Much of this book is an exercise in comparisons and contrasts, and we hope it will be as interesting for the reader to discover them as it was for us. In a way, we were looking at some of the equipment and procedures as if we were Starfleet intelligence analysts, poking around inside Cardassian and Jem'Hadar technology. As before, we wanted to give some idea of what might lay behind the wall panels and bulkheads, inthe case of the unseen hardware, and to expand a bit on the structures we've seen each week. While the advances in computer-generated imagery, miniature construction, and video compositing have enabled us to see strange and wonderful objects in the world of Deep Space 9, we wanted to show some of the things only hinted at in the episodes.
We would like to believe that the Star Trek: The Next Generation Technical Manual helped our writers and entertained our readers by generating new technological concepts or elaborating on established ones. We also want to emphasize that, like that earlier work, this book should not be viewed as a constraint on the writers or anyone else who wants to create Star Trek stories. We have learned over the years that structures and systems are remarkably flexible; we can replace a torpedo warhead or build a new cargo bay with a few keystrokes. True, hundreds of episodes have been added to the history, but there are still many more tales to be told in a galaxy as large as the Milky Way.

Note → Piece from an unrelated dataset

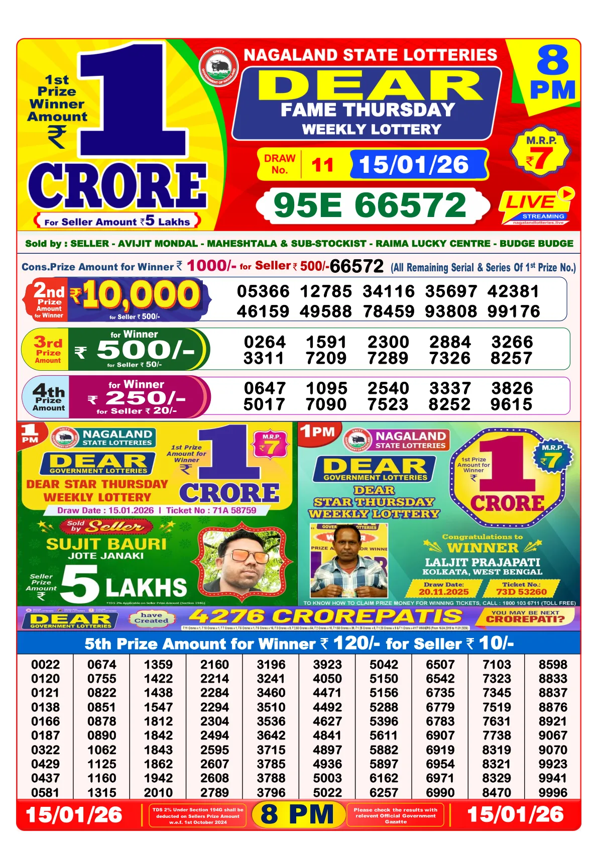 On the crisp morning of January 15th, 2026, anticipation reached fever pitch across the nation as the results for the much-awaited Nagaland State Lottery's 'Dear Fame Thursday' draw were announced. Dreams were realized, and the patterns of luck once again captivated players and observers alike.

It is our wish that this new manual serves to show that there really is more than one solution to a design problem, and that differences in hardware -- or people -- should not become an impediment to their working together. By the time you read this, if all has gone according to plan, the first elements of the International Space Station (ISS) will already be in Earth orbit, built and crewed by different cultures, almost four hundred years ahead of Deep Space 9. By 2004, the ISS promises to be the largest and heaviest structure ever assembled in space and the brightest object in the night sky. We know for a fact that many people responsible for designing and building this space station have followed Star Trek, in its various incarnations, for over thirty years, and have derived at least a modicum of inspiration from its stories of exploration, scientific discovery, and contact.